‘When The Girls Become Women’. By Dr Suchitra Dalvie
Yesterday was the International Day of the Girl Child and my inbox was filled with newsletters and campaigns and promises and pledges for them.
We are all glad for the attention being given to the girl child of course but it makes me wonder what happens when these girl children become women?
What happens to society and policymakers and families and gatekeepers when these girls transition out of being a girl-child into a girl-adult?
Why do we then insist that they hold, on fear of death, the honour of the family in their vaginas and hymens and wombs? Why do we simply shrug when they are raped by husbands who took sacred vows to be their most intimate partner in life? Why do we leave them to be burned and brutalized by their parents-in -law, whether it is for dowry or a male child?
What happens to the freedom and dignity and inspiration we want to offer to the girl child to grow and fulfil her highest potential but then when she grows up we insist that she wear a headscarf or then equally insist she not wear it, and punish her either way?
We bully her into choosing to starve for a ‘beach body’ for the male gaze while millions of her sisters are dying of anaemia and forced starvation because they are expected to eat less and eat last. We shame her for ‘losing’ a husband to an affair because she wasn’t able to hold on to him by staying attractive but we also shame her for retaliating or walking out when the husband is physically or emotionally abusive. We offer tokenistic and symbolic gestures of affection and gratitude, at least occasionally, for the enormous personal sacrifices, emotional labour and physical labour that they put in by becoming mothers–for having children, raising them, running the household, while often also working full time job outside of the home. But then we don’t offer them any financial equality or security in compensation, no pension, no assured medical care, no guarantee that she will not be thrown out of the home she managed and ran for decades because it still carries only the husband’s name on the front door.
The Universal Declaration of Human Rights was passed in 1948 and it was not until the Vienna conference in 1993 that the world was reminded that women’s rights are human rights. We have an longer way to go before that becomes a reality.

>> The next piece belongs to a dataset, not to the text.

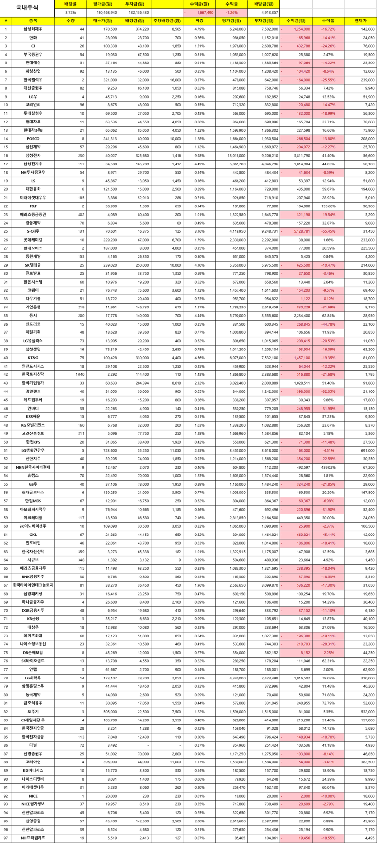 먼저 보유 중인 국내 주식을 살펴볼게요. 배당금 재투자를 반영했을 때 수익률은 현재까지 -1.26%로 마이너스인 상태이고요. 예상되는 연간 배당금은 490만 원 정도 됩니다. 10월까지 가장 높은 수익금을 기록하고 있는 주식은 뭐니 뭐니 해도 삼성전자입니다. 우선주와 보통주 합쳐서 약 560만 원 정도의 수익금이네요. 삼성전자의 수장인 이재용의 능력을 믿고 오랫동안 가져가 보렵니다.

As I watched a powerful video yesterday of women protesting in front of the Iran embassy in the
Netherlands, one of them with her hair cut short, megaphone in hand and not a stich of clothing on her body, I remembered so many other women who have finally stripped down to the bare skin because they had nothing left to lose. I remembered the punishment given to Phoolan Devi, the naked mothers in Manipur protesting military rapes, the naked protests by women in Argentina, by Pussy Riot in Russia, by women in Africa, by the Naked Economist in the UK.
Of course it assures media attention because what everyone wants to see – now that social media has censored the female nipple- is the female nipple.

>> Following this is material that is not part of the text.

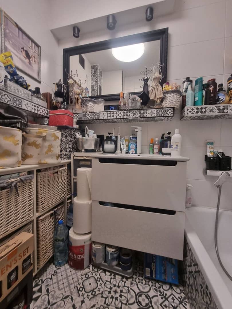 - łazienka wyposażona w wannę, idealna na relaks po ciężkim dniu,

But every naked protest also lays bare the stark reality that women are in possession of a human body and hence in possession of human rights. Every piece of clothing we use to cover our ‘private’ parts are linked to sexuality and thence to the fear of the power of the naked body. Oscar Wilde was absolutely right when he said ‘Everything is about sex. Except sex. Sex is about power’. Ever since the connection between sex and sexuality, fertility and paternity was made to private property inheritance, there is nothing more feared across the world in every society than the power of the female body.
Everything that women have been subjected to– ranging from breast tax, foot binding, female genital mutilation, witch hunting, forced and early marriages, stigma of widowhood, shaming for sex work, burning for dowry, beating for having a girl child, glorification of forced motherhood, starving for perfect bodies, covering up every inch of our bodies, forced to never cut hair to stay feminine, forced to shave hair off when widowed, forced into marriages at puberty, controlled financially and socially, restricted from accessing abortion, refusing to criminalize marital rape– every single thing is a way to control and contain and domesticate the sexuality of the female body so that it has one purpose only. To serve the patriarchy and those who have entitlements within in. Whether it is the male gaze or the male sexual pleasure or the male comforts or the male violence or the male line of inheritance.

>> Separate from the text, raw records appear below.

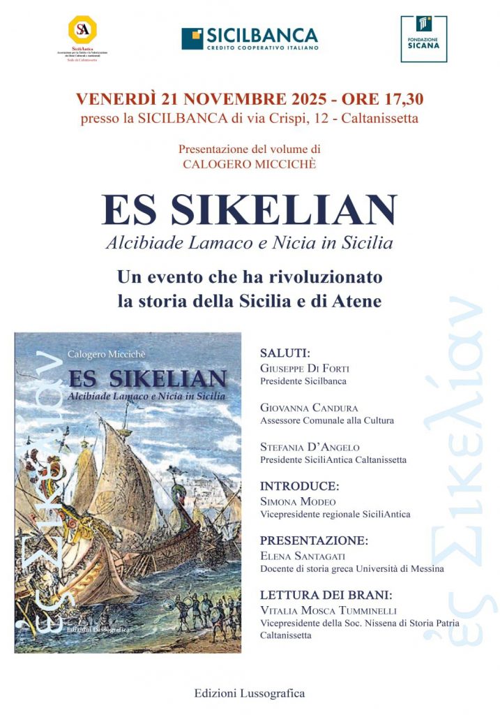 Venerdì 21 novembre, alle 17,30, presso la Sicilbanca (via Crispi 12) a Caltanissetta si presenta l’ultimo studio del prof. Calogero Miccichè, “Es Sikelian, un evento che ha rivoluzionato la storia della Sicilia e di Atene“, edito da Lussografica.
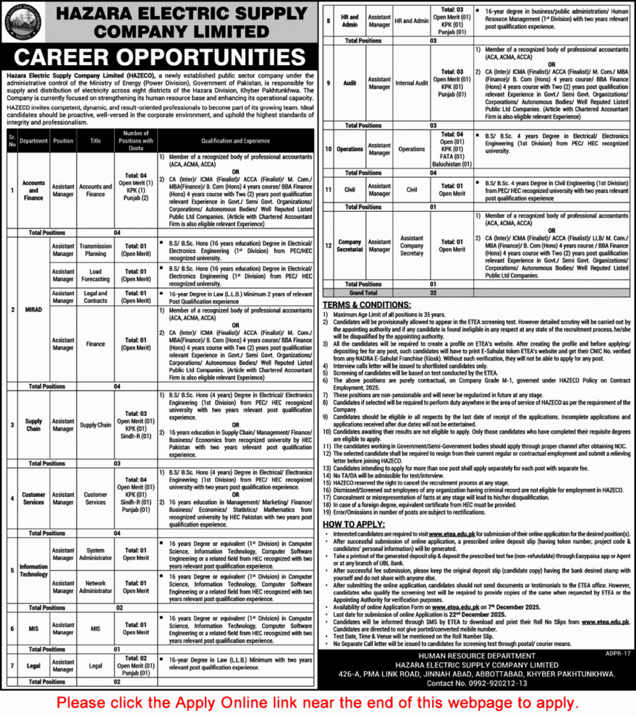Assistant Manager Jobs in HAZECO December 2025 WAPDA Apply Online Hazara Electric Supply Company Latest
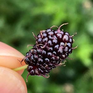 今年2度目の🌱桑の実🌱です。 1度目の実は沢山成りましたが、赤い実から茶色ぽくなり熟れないで乾燥して食べられませんでした。(>_<) 今回のは数は少ないですけど、とても甘くまるで熟したブルーベリー見たいな味でした。(о´∀`о)

Despite these traumas and battles that women fight daily on a personal and political level, the struggle continues because really it is like trying to put a lid on a volcano. Eventually the naked truth will be reclaimed. The girl children will grow into woman. Some boy children may also grow to embrace womanhood.
The awareness that women’s equality, autonomy and agency and the right to be able to choose can unleash a power for transformation that will change the world forever is what is at the terrified core of every restriction that has been placed on us throughout history.
It is time for us as a civilization to stand naked, physically, emotionally, intellectually and spiritually and take up the challenge of creating a whole new world, built upon the understanding that all women are human.
That would be the best pledge and promise to every girl child of today.